Brett Kelsey

Brett Kelsey

Understanding Nevada’s economic connections can open regional business doors.

Robert Lang, executive director of The Lincy Institute, and director of Brookings Mountain West at the University of Las Vegas, will speak on “Megapolitan America” during the 2nd Annual Nevada Economic Development Conference — Building A Stronger Nevada, during a keynote session Thursday, Sept. 22 at 8:30 a.m.

“Nevada’s population is less than 3 million, but it’s connected to the two biggest megapolitan clusters in the country,” Lang said during a recent phone interview the NNBW.

Whereas metropolitan areas are defined by interconnected commute traffic, megapolitans share a much wider network of economic ties.

“They are separate from each other but do a lot of business together,” he said

Economically, northern Nevada is more connected to northern California, and southern Nevada more connected to southern California and Phoenix than they are to each other, he said.

Lang is a nationally recognized authority on urban growth, economic development and population dynamics, including the interplay between politics and growth in the American West.

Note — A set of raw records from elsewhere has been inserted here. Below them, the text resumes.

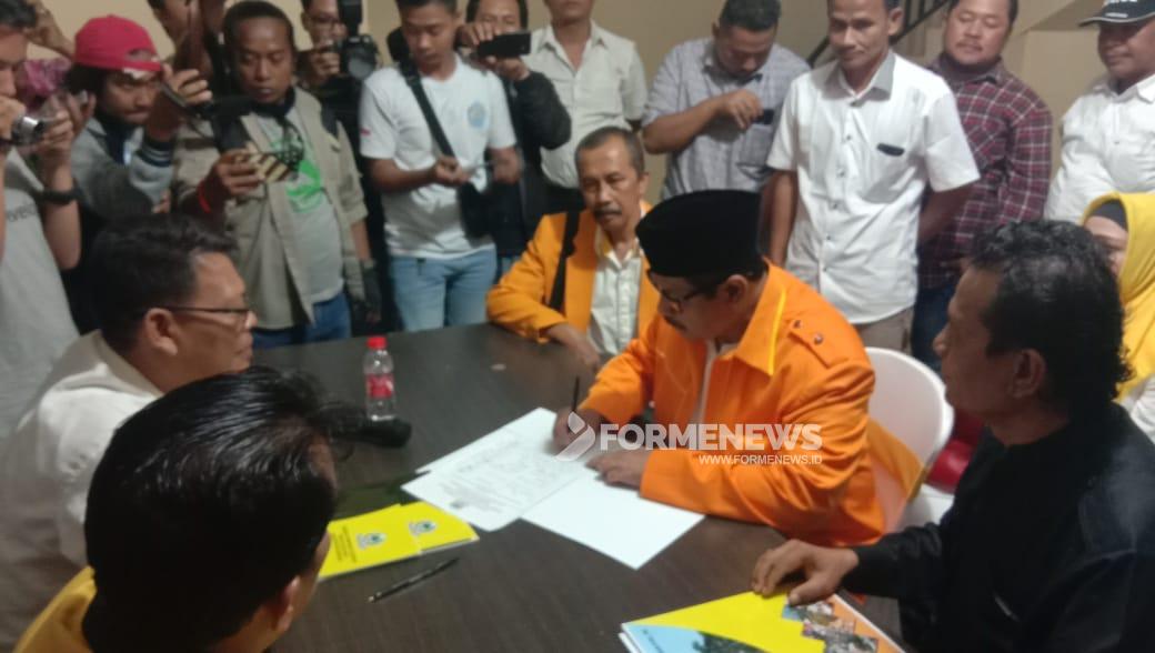 CIKARANG UTARA-Pengurus Kesatuan Organiasi Serbaguna Gotong Royong (Kosgoro), Akhmad Marjuki resmi mendaftar sebagai Calon Wakil Bupati (Wabup) Bekasi di Kantor DPD Golkar Kabupaten Bekasi, Jumat (28/6).
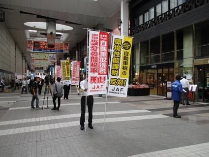 日本自動車連盟(JAF)福岡支部(太田憲男支部長)などは7日、福岡市内の最大の繁華街である天神地区の中心部で「税制改正要望に関する街頭活動」を行った。 活動には、自動車税制改革フォーラムのメンバーである日本自動車販売協会連合会(自販連)福...
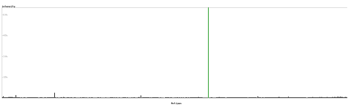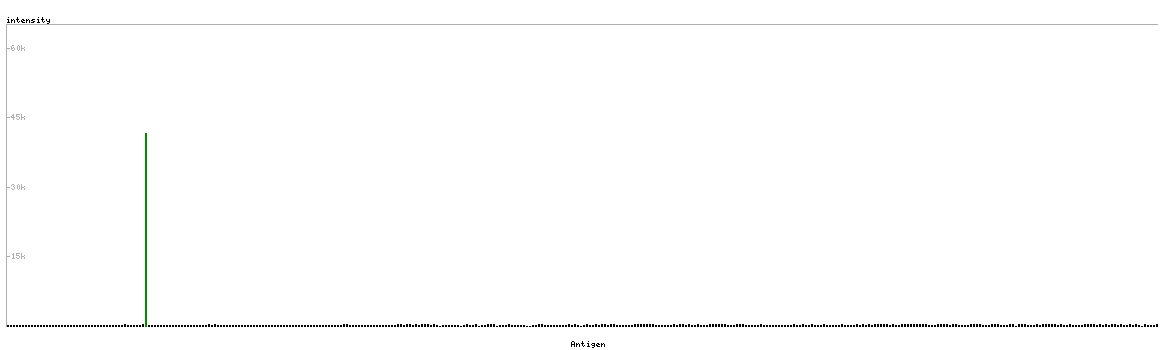 At the top of the view, the position of the antigen (identified by the corresponding HPA identifier) is shown as a green bar. A yellow triangle on the bar indicates a <100% sequence identity to the protein target.
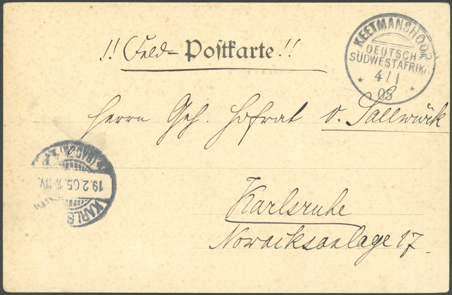 GERMAN SOUTHWEST AFRICA POSTMARK. KEETMANSHOOP, 4.1.05, on army postal service picture postcard to Karlsruhe, superb
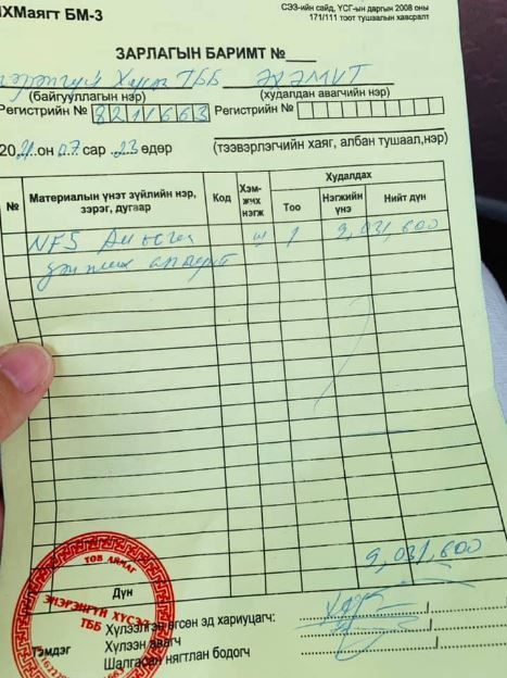 “Та нартаа дуулгах сайхан мэдээтэй. Та бүхний сэтгэлийн дэмээр бүтсэн Амьсгал дэмжих аппарат маань ЭХЭМҮТ ийн Эрчимт эмчилгээний тасагт хандивлагдлаа.
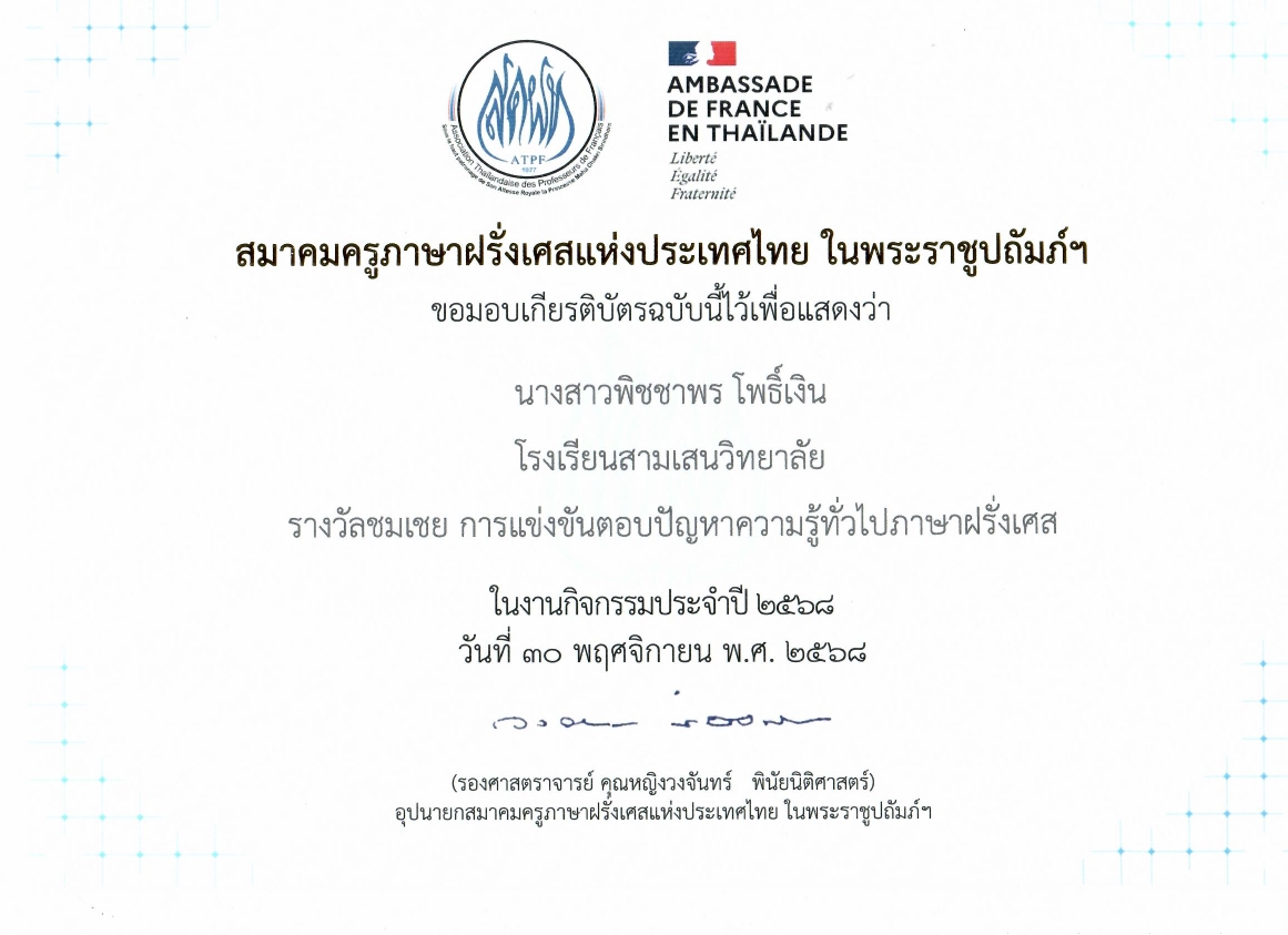 โรงเรียนสามเสนวิทยาลัย ขอแสดงความยินดีกับนักเรียนกลุ่มการเรียนภาษาฝรั่งเศสที่ได้รับ
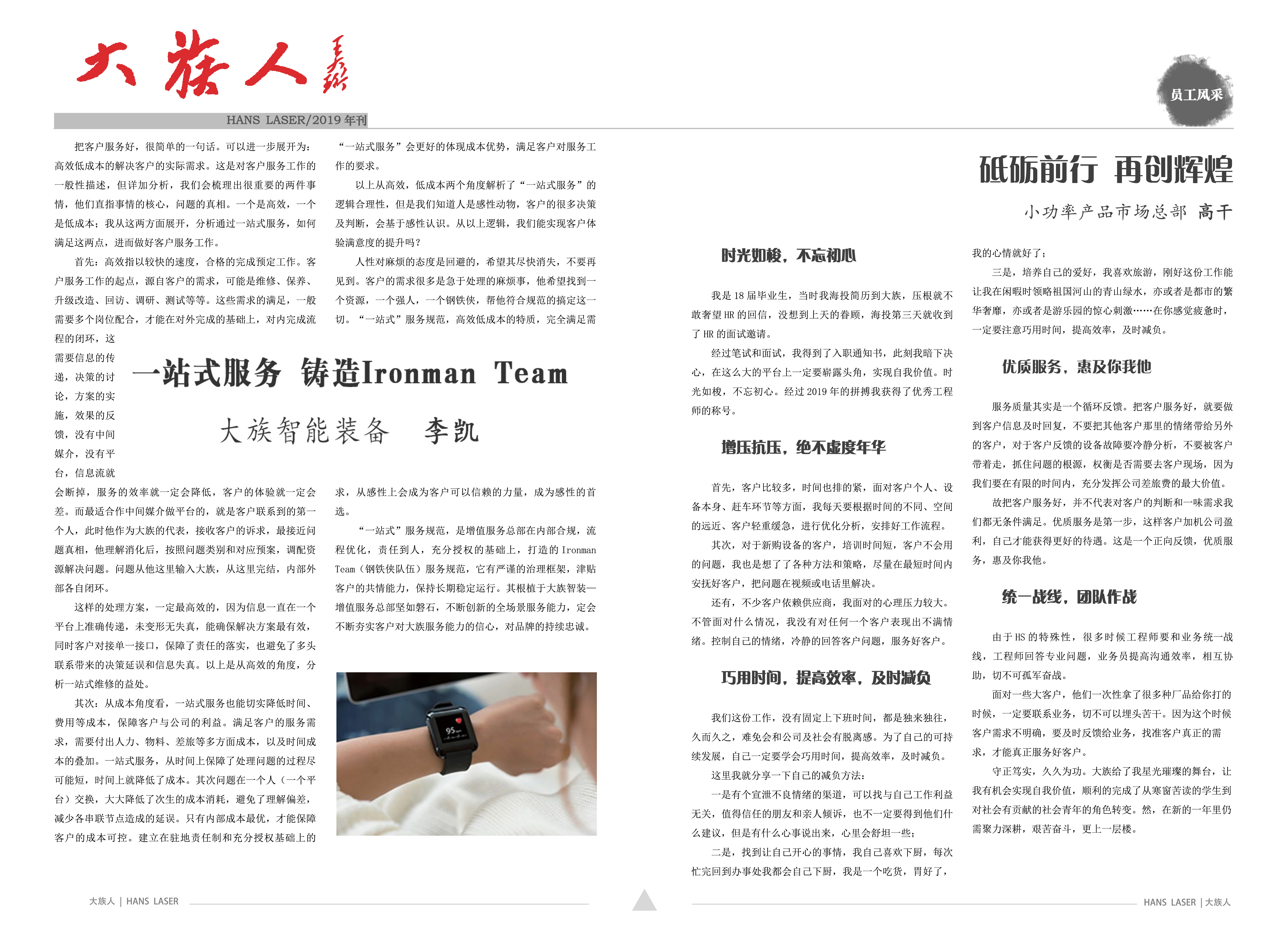 高干,太阳网集团tcy87222018届毕业生,目前就职于大族激光科技产业集团股份有限公司,是我院出色的优秀毕业生。高干在《大族人》中发表文章,“守正笃实,久久为功。大族给了我星光璀璨的舞台,让我有机会实现自我价值,顺利的完成了从寒窗苦读的学生到对社会有贡献的社会青年的角色转变。然,在新的一年里仍需聚力深耕,艰苦奋斗,更上一层楼。”
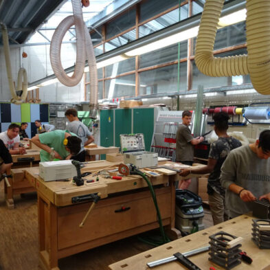 In der „Kreativabteilung“ der Berufsschule erlernen die Schülerinnen und Schüler im Berufsgrundjahr die handwerklichen Grundlagen für eine erfolgreiche Schreinerkarriere. Darauf folgen zwei weitere Ausbildungsjahre im dualen System.
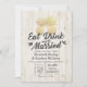 Vintage Wedding / EAT Drink and Be Married invitation Template - Elegant Faux Gold Foil Pineapple Couple on Rustic White Wood Background.
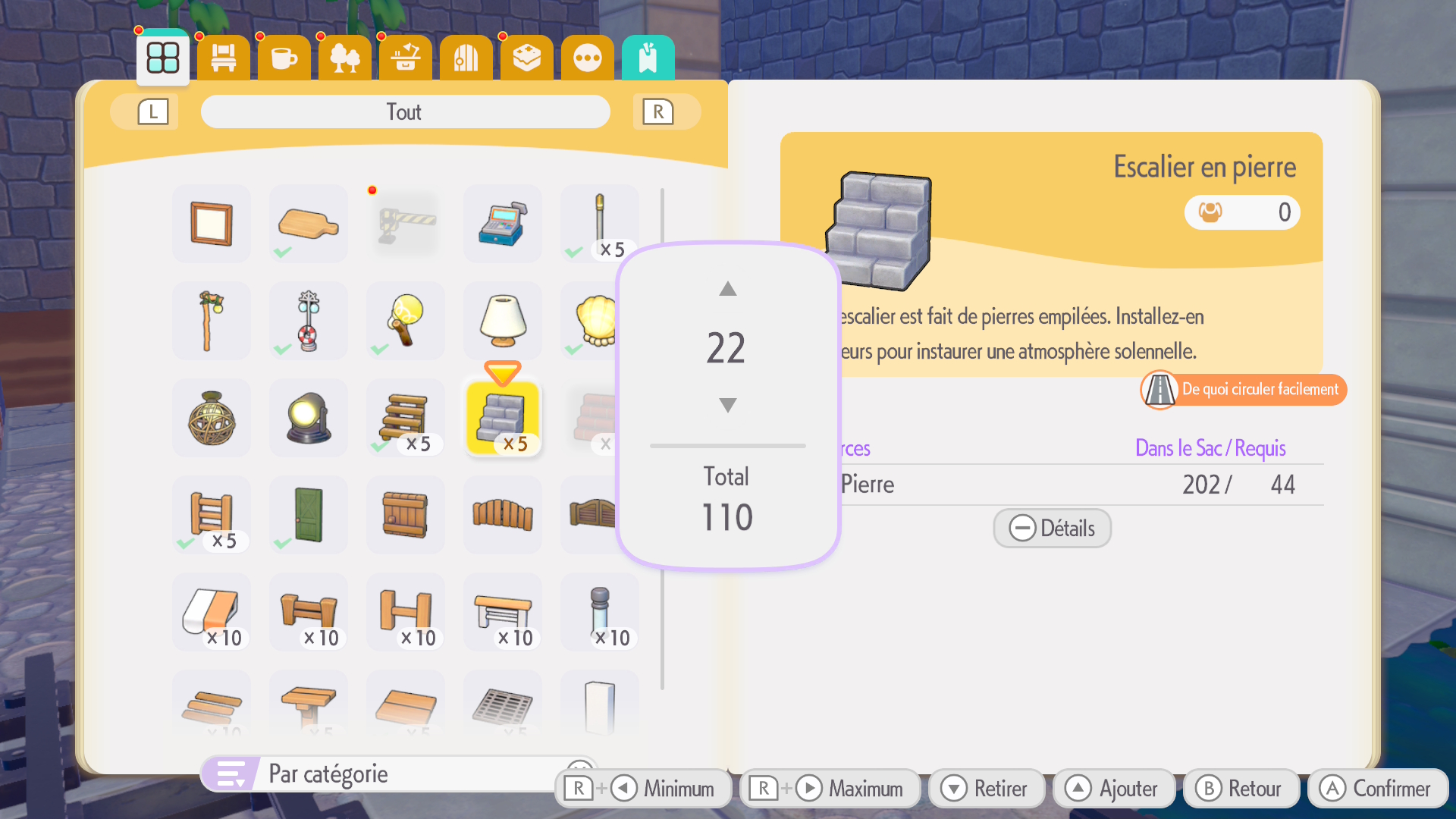 Évidemment, Omega Force a pu se reposer sur son savoir-faire après le développement de Dragon Quest Builders 2, mais cela ne signifie pas pour autant que Pokémon Pokopia en est une copie avec un simple habillage et des Pokémon en tant que personnages. Le titre a une véritable identité et toutes ses mécaniques de gameplay ont été soigneusement élaborées, avec des références bien pensées à la série, que ce soit au niveau des capacités de Métamorph, des objets, des meubles ou des matériaux. Métamorph peut récolter et créer un très grand nombre de matériaux, comme des blocs de terrain (gazon, terre, sable, marbre…), fabriquer des meubles ou des structures grâce à l’aide d’autres Pokémon. On peut également citer les légumes, les CD pour DJ Motisma… Il y a tant à faire que cela devient parfois presque intimidant, surtout si l’on manque d’imagination. Dans le cas contraire, les personnes qui arrivent très bien à faire travailler leurs méninges pour créer les lieux de leurs rêves devraient être ravies avec Pokémon Pokopia, tant les possibilités sont déjà nombreuses en solo. Toutefois, les plus sensibles et impatients pourront être frustrés à la fois par le système de rangement, la lenteur de la progression entre l’attente pour la construction des bâtiments ou encore l’apparition des nombreux Pokémon qui se sont cachés. Si des personnes peuvent être dans ce cas, on déconseille alors les sessions de jeu très longues afin d’éviter l’indigestion. Ici, la répétitivité n’en est pas la raison, la boucle de gameplay est d’ailleurs assez satisfaisante et les activités sont très variées, mais si l’on souhaite avant tout finir l’aventure principale, il peut être judicieux de ne pas vouloir en faire trop d’un coup.
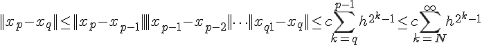 On me demande de montrer que la suiteest une suite de Cauchy, et d'en déduire qu'elle converge alors vers
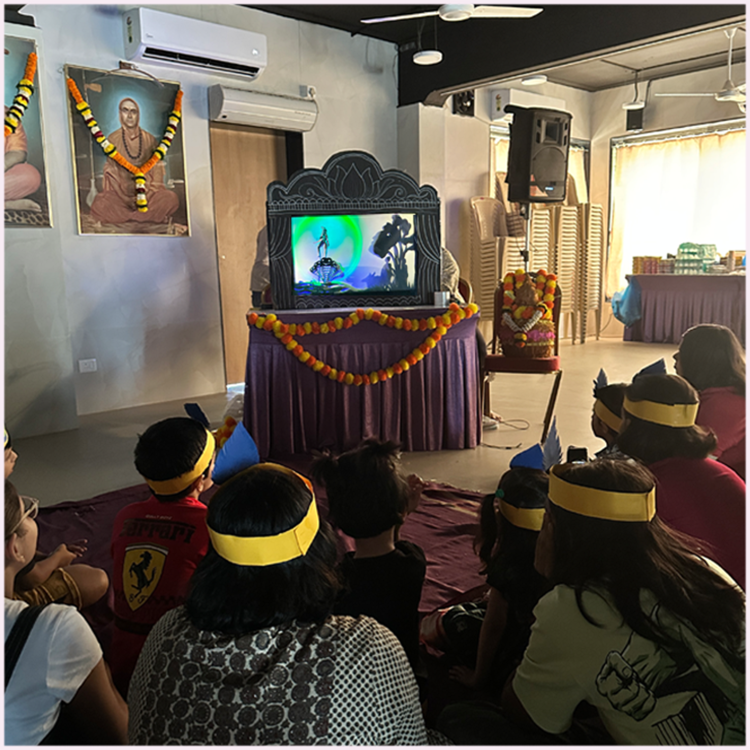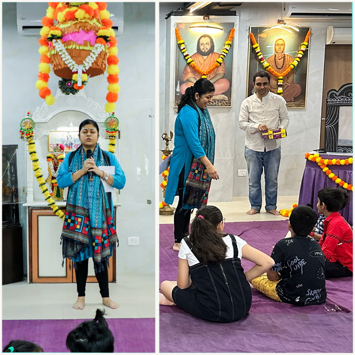 A volunteer meeting was soon called to decide a date for the workshop and plan the activities. The age group was decided as below 13 years. The arrangements were immediately initiated by Bipin Nāḍkarṇī mām, supported by Ᾱditya Maṅkīkar and Chaitanya Mallāpur. The KSA hall was selected as the venue, which perfectly aligned with the event's theme, housing the beautiful vigraha of the Lord Himself. Through the years, the devotionally resonant and famous As͟hṭamī Mhaṇtī-s have been traditionally celebrated at the KSA hall in Tālmakīwāḍī.
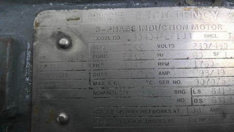 Toshiba B0404FLF1UM 40 HP AC Motor 1800 RPM 4P 3 Phase 324T 208-230/460-575 V
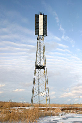 Valge püsttriibuga must täisnurkne tahvel metallsõrestiktorni tipus.
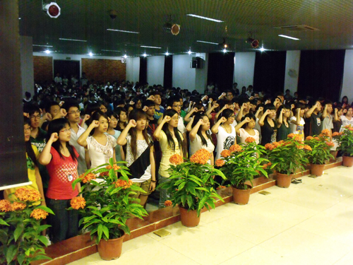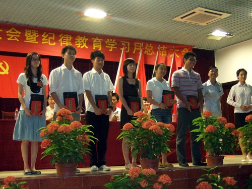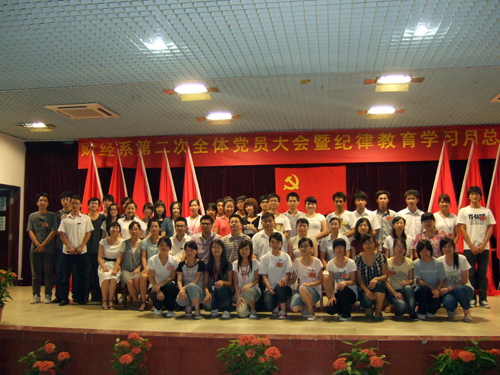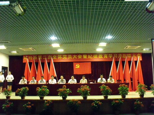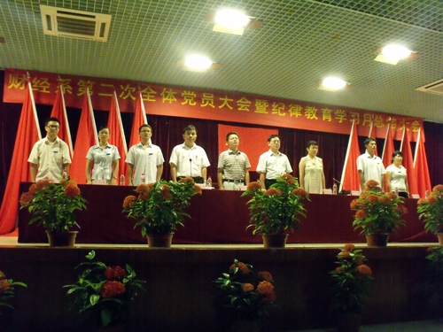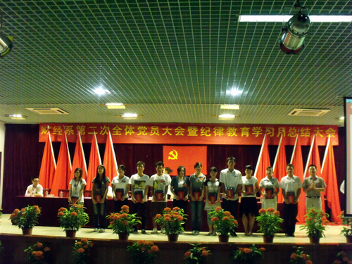 大会在激情澎湃的国歌声中拉开帷幕。财经系教职工党支部与学生党支部代表就“2009——2010年年度工作总结暨纪律教育学习月总结”向大会作汇报。随后,127名预备党员在党总支统战委员黄爱青同志的带领下举行宣誓仪式,预备党员们用洪亮的声音坚定地表达出他们忠于党的决心和态度。接着,预备党员代表张爽同志发言,表示全体新党员将会履行党员职责,在学习、生活中以党员标准严格要求自己,树立模范带头作用,为党注入新鲜血液。

He is the co-author of Megapolitan America, which details the rise of megapolitan areas and how they will change how America plans.

Governments and economic organizations that recognize those connections, can use them to benefit the community.

Reno is only 116th in size among United States metropolitan areas, but it’s economically connected to the Bay Area, the second largest megapolitan cluster in the U.S, and an expensive place to do business.

“San Francisco can’t afford to have a lot of manufacturers,” Lang said.

The Reno metropolitan area is relatively close to the Bay Area with easy access and cheaper to set up shop.

And it’s easier to entice workers to move from northern California to Reno than to more distant, less connected areas.

“We don’t have the strongest higher education system (in Nevada). We have to improve that, but in the meantime, it’s not hard to entice labor to migrate here,” Lang said. “It’s not a very big leap to move from Sacramento to Reno.”

Talking about hiring from outside the area is a touchy subject, but Lang explained that governmental bodies need to look at the advantages.

“The first priority of any government is to have its own citizens employed,” he said. “But if you don’t get these other companies to come here, you don’t get the (new) jobs.

“It’s not worth it for governments to get hung up on it. We are part of this bigger, extended California at both ends of the state.”

As examples of the benefits of megapolitan-thinking, he noted negotiations with Faraday Future to build its $1 billion electric car factory in southern Nevada and for Tesla to build its Gigafactory in the north.

“It was very tough to make the case that we had the workforce,” he said. But pointing out the close proximity to megapolitan areas, helped turn their interest.

“That’s actually our workforce,” he said. “We can sell firms that we’re really a suburb” of the Bay Area, Sacramento, Los Angeles, and Phoenix.

Drawing its workforce from other areas is nothing new for Nevada.

“We’re in a state with a high percentage of people who were born elsewhere,” Lang said. “They bring skills and technology.”

And Nevada can benefit California companies.

“We’re partners with California. We don’t want to take everyone out,” he said. We want them to know that “this is someplace you can set up manufacturing. Nevada is California’s workbench.”

It’s a distinction that economic planners need to recognize.